__Your goal__: The records below must be written out exactly, with every picture left behind.

Source records:
◇ ◇ ◇

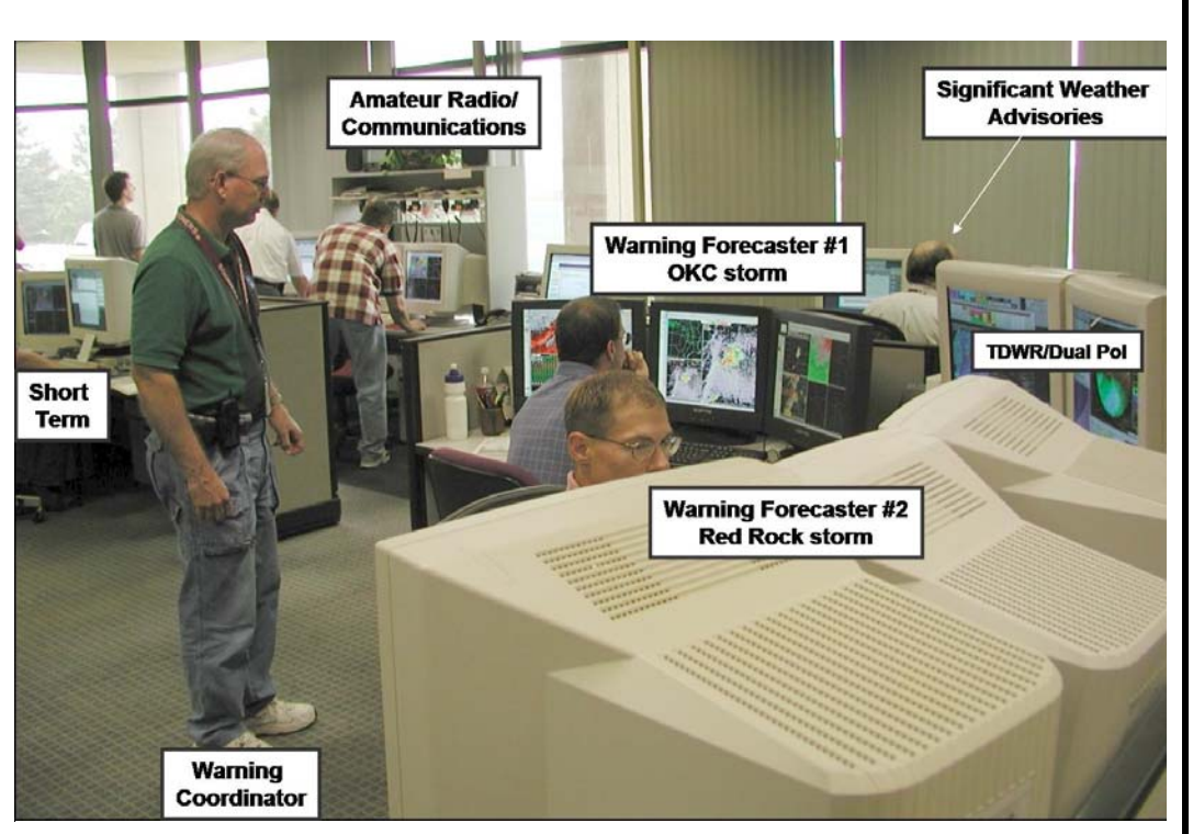
The many different roles played by staff at the Norman Forecast Office during a significant event are clearly displayed in the photo from the May 8, 2003 severe weather event.

It is not unusual for forecasters, technicians, meteorologist interns, and others to come in early and stay late, working extended hours for several days in a row to help handle significant
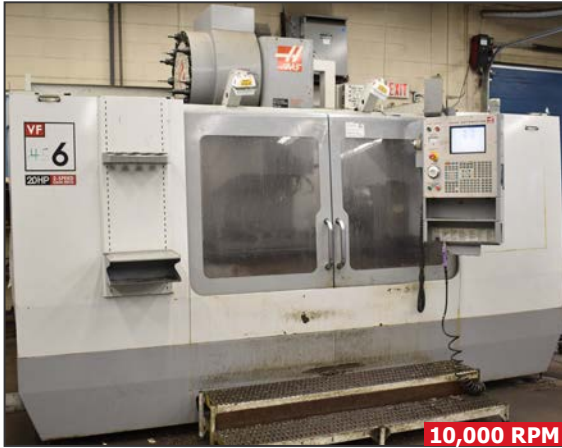
HAAS VF6B CNC vertical machining center
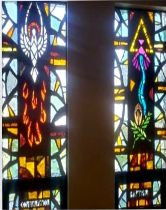
St Joseph's Catholic Church Chappell, Nebraska

FOR GOD DID NOT GIVE US A SPIRIT OF COWARDICE BUT RATHER OF POWER AND LOVE AND SELF-CONTROL.
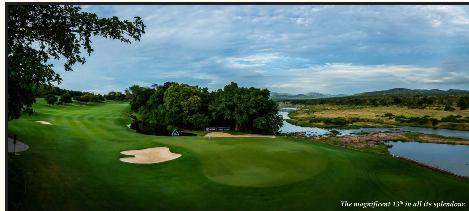
The magnificent 13 th in all its splendour.
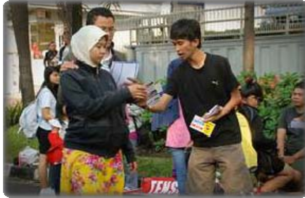
A Pregnant woman seriously listened to the explanation about the danger of Asbestos
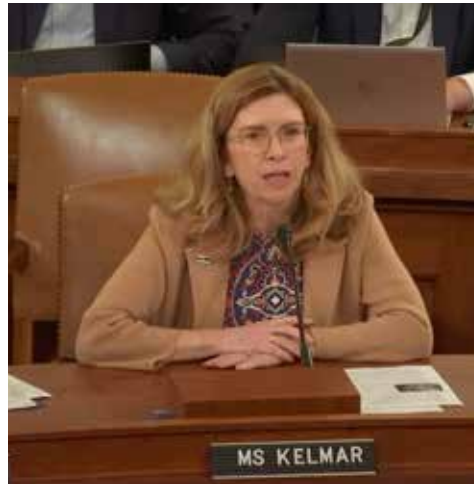
Wags and Means Committee Republicans
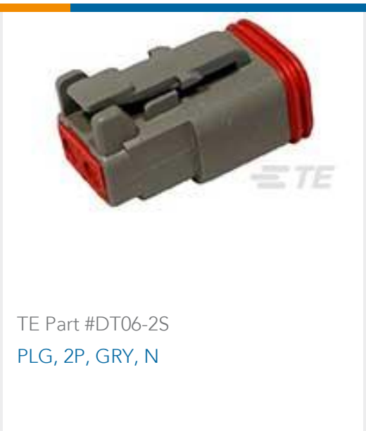
TE Part #DT06-2S PLG, 2P, GRY, N
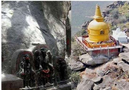
Pret Shila Mandir
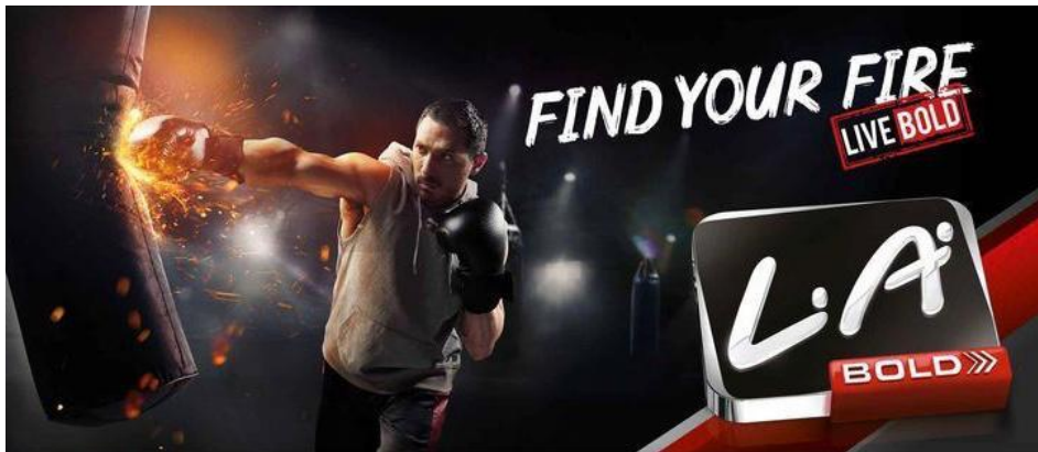
Figure 4. LA Bold Cigarette

In this advertisement, the verbal sign is a brand name of the product namely “LA Bold” and the slogan “Find Your Fire Live Bold” which white color. According to term of theory by Ceratto (2012) white means goodness, hygiene, justice, perfection, and purity. The meaning of the slogan itself persuade the audience to finding passion to the readers and give new meaning to social life in addition can be the best version in mentally, emotionally, and physically.
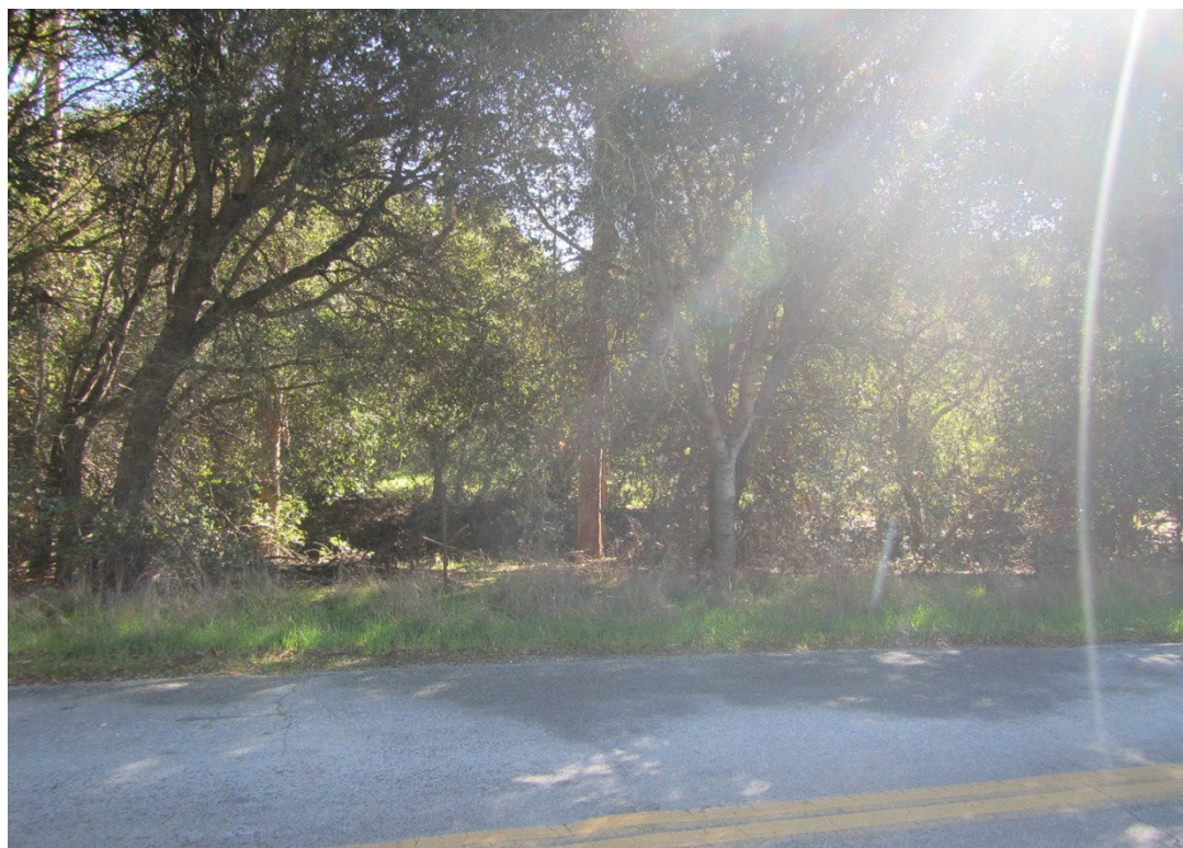
Looking south from Sandy Hill Dr (Parcel 2656)
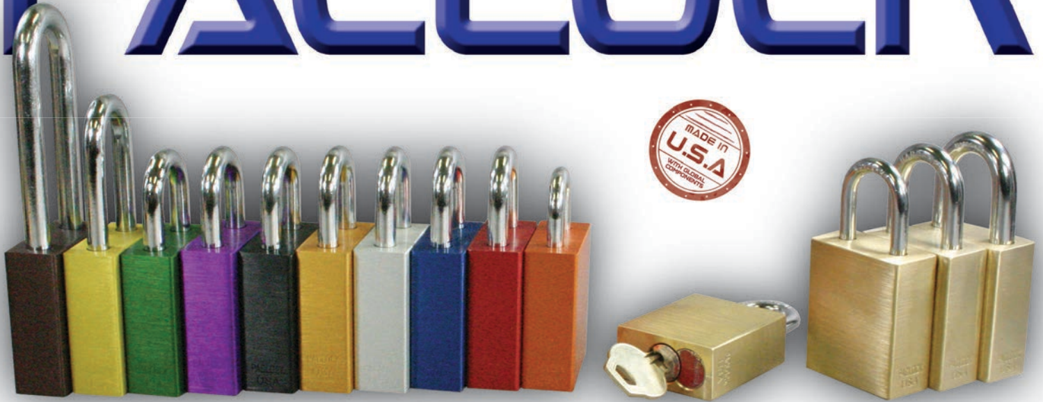
CYLINDER NOT INCLUDED, SHOWN WITH CLEAR BRASS FINISH (NICKEL-PLATED AVAILABLE)
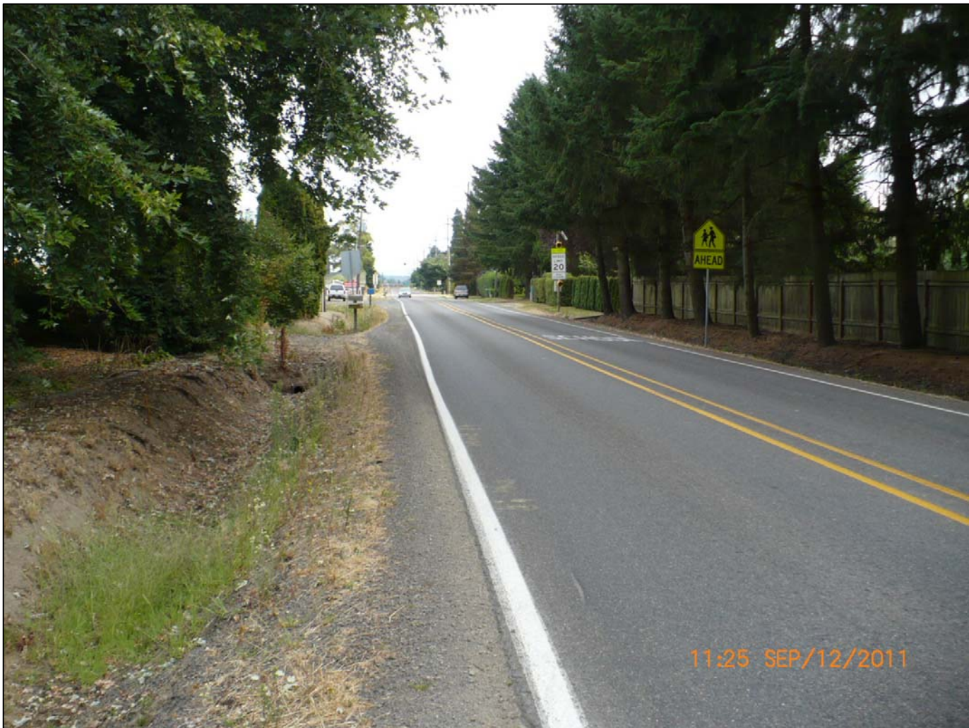
Verboort Road at Porter Road looking east

◇ ◇ ◇

__Result__:
The many different roles played by staff at the Norman Forecast Office during a significant event are clearly displayed in the photo from the May 8, 2003 severe weather event.

It is not unusual for forecasters, technicians, meteorologist interns, and others to come in early and stay late, working extended hours for several days in a row to help handle significant
HAAS VF6B CNC vertical machining center
St Joseph's Catholic Church Chappell, Nebraska

FOR GOD DID NOT GIVE US A SPIRIT OF COWARDICE BUT RATHER OF POWER AND LOVE AND SELF-CONTROL.
The magnificent 13 th in all its splendour.
A Pregnant woman seriously listened to the explanation about the danger of Asbestos
Wags and Means Committee Republicans
TE Part #DT06-2S PLG, 2P, GRY, N
Pret Shila Mandir
Figure 4. LA Bold Cigarette

In this advertisement, the verbal sign is a brand name of the product namely “LA Bold” and the slogan “Find Your Fire Live Bold” which white color. According to term of theory by Ceratto (2012) white means goodness, hygiene, justice, perfection, and purity. The meaning of the slogan itself persuade the audience to finding passion to the readers and give new meaning to social life in addition can be the best version in mentally, emotionally, and physically.
Looking south from Sandy Hill Dr (Parcel 2656)
CYLINDER NOT INCLUDED, SHOWN WITH CLEAR BRASS FINISH (NICKEL-PLATED AVAILABLE)
Verboort Road at Porter Road looking east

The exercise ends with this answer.